**INSTRUCTIONS FOR THE TASK**: After locating the line with "全省農林牧漁業完成總產值14" in the entries below, output it and each following line up to and including the line with "По данным аналитиков, стоимость", exactly and without pictures.

**RECORDS FOR PROCESSING**:
┌──
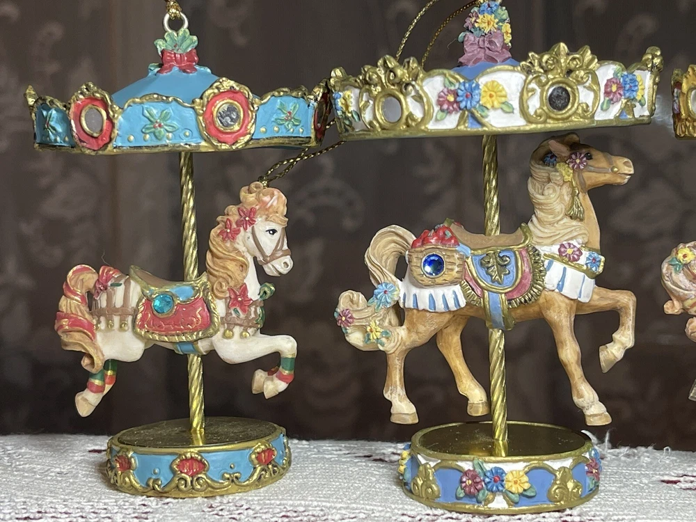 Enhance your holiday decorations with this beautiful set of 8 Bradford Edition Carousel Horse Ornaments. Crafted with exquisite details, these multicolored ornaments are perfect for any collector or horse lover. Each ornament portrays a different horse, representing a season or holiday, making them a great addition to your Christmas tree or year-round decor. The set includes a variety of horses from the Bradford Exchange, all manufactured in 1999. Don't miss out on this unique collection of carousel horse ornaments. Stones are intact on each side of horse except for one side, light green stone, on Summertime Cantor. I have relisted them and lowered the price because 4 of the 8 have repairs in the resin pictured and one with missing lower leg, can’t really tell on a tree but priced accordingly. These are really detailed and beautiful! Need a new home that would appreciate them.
└──
┌──
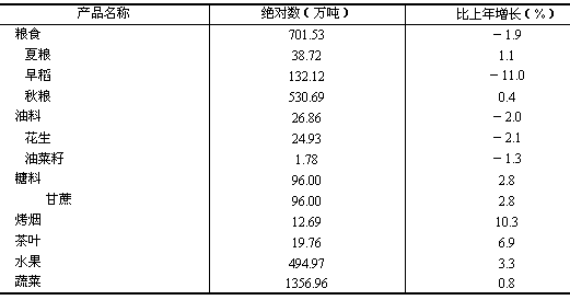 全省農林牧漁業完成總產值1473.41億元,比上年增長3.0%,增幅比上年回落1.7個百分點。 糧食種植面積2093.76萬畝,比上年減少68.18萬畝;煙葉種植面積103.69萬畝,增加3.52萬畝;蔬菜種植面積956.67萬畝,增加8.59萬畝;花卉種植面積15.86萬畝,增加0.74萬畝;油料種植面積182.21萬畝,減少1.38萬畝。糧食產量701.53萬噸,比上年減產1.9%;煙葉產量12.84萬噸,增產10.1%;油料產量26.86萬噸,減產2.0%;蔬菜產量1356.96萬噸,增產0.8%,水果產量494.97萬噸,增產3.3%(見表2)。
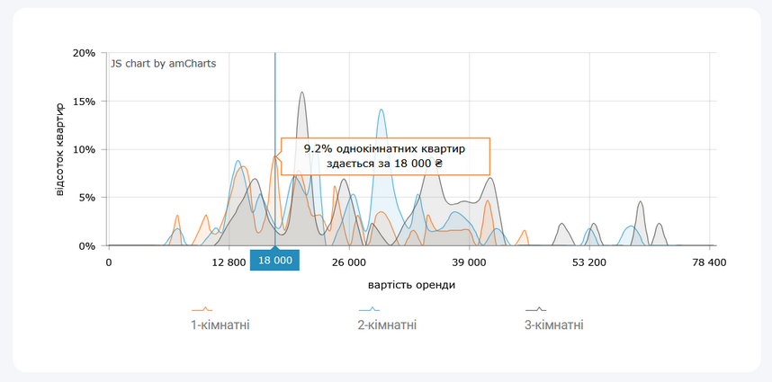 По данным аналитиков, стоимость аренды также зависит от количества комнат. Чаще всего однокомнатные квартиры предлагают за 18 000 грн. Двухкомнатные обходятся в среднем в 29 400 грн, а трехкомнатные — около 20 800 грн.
└──
┌──
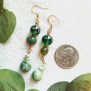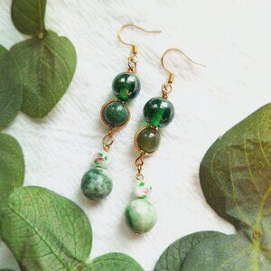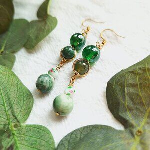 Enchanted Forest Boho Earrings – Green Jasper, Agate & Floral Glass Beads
└──
**WORKED SOLUTION**:
 全省農林牧漁業完成總產值1473.41億元,比上年增長3.0%,增幅比上年回落1.7個百分點。 糧食種植面積2093.76萬畝,比上年減少68.18萬畝;煙葉種植面積103.69萬畝,增加3.52萬畝;蔬菜種植面積956.67萬畝,增加8.59萬畝;花卉種植面積15.86萬畝,增加0.74萬畝;油料種植面積182.21萬畝,減少1.38萬畝。糧食產量701.53萬噸,比上年減產1.9%;煙葉產量12.84萬噸,增產10.1%;油料產量26.86萬噸,減產2.0%;蔬菜產量1356.96萬噸,增產0.8%,水果產量494.97萬噸,增產3.3%(見表2)。
 По данным аналитиков, стоимость аренды также зависит от количества комнат. Чаще всего однокомнатные квартиры предлагают за 18 000 грн. Двухкомнатные обходятся в среднем в 29 400 грн, а трехкомнатные — около 20 800 грн.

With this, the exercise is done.